From the Left



This has been the anti-democracy decade

By Robert B. Reich, Tribune Content Agency on

We're coming to the end of what might be called the anti-democracy decade. It began Jan. 21, 2010, with the Supreme Court's shameful decision in Citizen's United v. Federal Election Commission, opening the floodgates to big money in politics with the absurd claim that the First Amendment protects corporate speech.

It ends with Donald Trump in the White House, filling his administration with corporate shills and inviting foreign powers to interfere in American elections.

Trump is the consequence rather than the cause of the anti-democratic surge. By the 2016 election, the richest 100th of 1 percent of Americans -- 24,949 very wealthy people -- accounted for a record-breaking 40 percent of all campaign contributions. That same year, corporations flooded the presidential, Senate and House elections with $3.4 billion of donations. Labor unions no longer provided any countervailing power, contributing only $213 million -- $1 for every $16 corporate dollars.

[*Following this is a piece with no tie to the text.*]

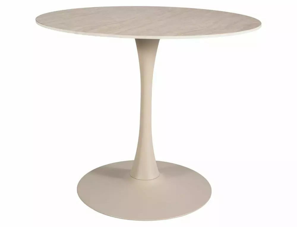 The sturdy metal base provides stability and long-lasting strength, finished in a soft matte beige / cashmere tone that complements the elegant ceramic surface. The harmonious color palette creates a warm, inviting atmosphere perfect for stylish dining spaces.

Big corporations and the super-wealthy lavished their donations on the Republican Party because Republicans promised them a giant tax cut if they won. As Sen. Lindsey Graham warned his Republican colleagues "financial contributions will stop" if the GOP didn't come through.

The political investments paid off big. Pfizer, whose 2016 contributions to the GOP totaled $16 million, will reap an estimated $39 billion in tax savings by 2022. GE contributed $20 million and will get back $16 billion. Chevron donated $13 million and will receive $9 billion.

Groups supported by Charles and the late David Koch spent more than $20 million promoting the tax cut, which will save them and their heirs between $1 billion and $1.4 billion a year.


Not even a sizzling economy could match these returns.

With the help of the tax cut, corporate profits are now at an all-time high. But almost nothing has trickled down. Companies have spent most of their extra cash on stock buybacks and dividends. This has given the stock market a sugar high but has left little for workers.

The anti-democracy decade has been hard on American workers. Despite the longest economic expansion in modern history, real wages have barely risen. The share of corporate profits going to workers still isn't back to where it was before the 2008 financial crisis. Never in the history of economic data have corporate profits outgrown employee compensation so clearly and for so long.

The so-called "free market" has been taken over by crony capitalism, corporate bailouts and corporate welfare.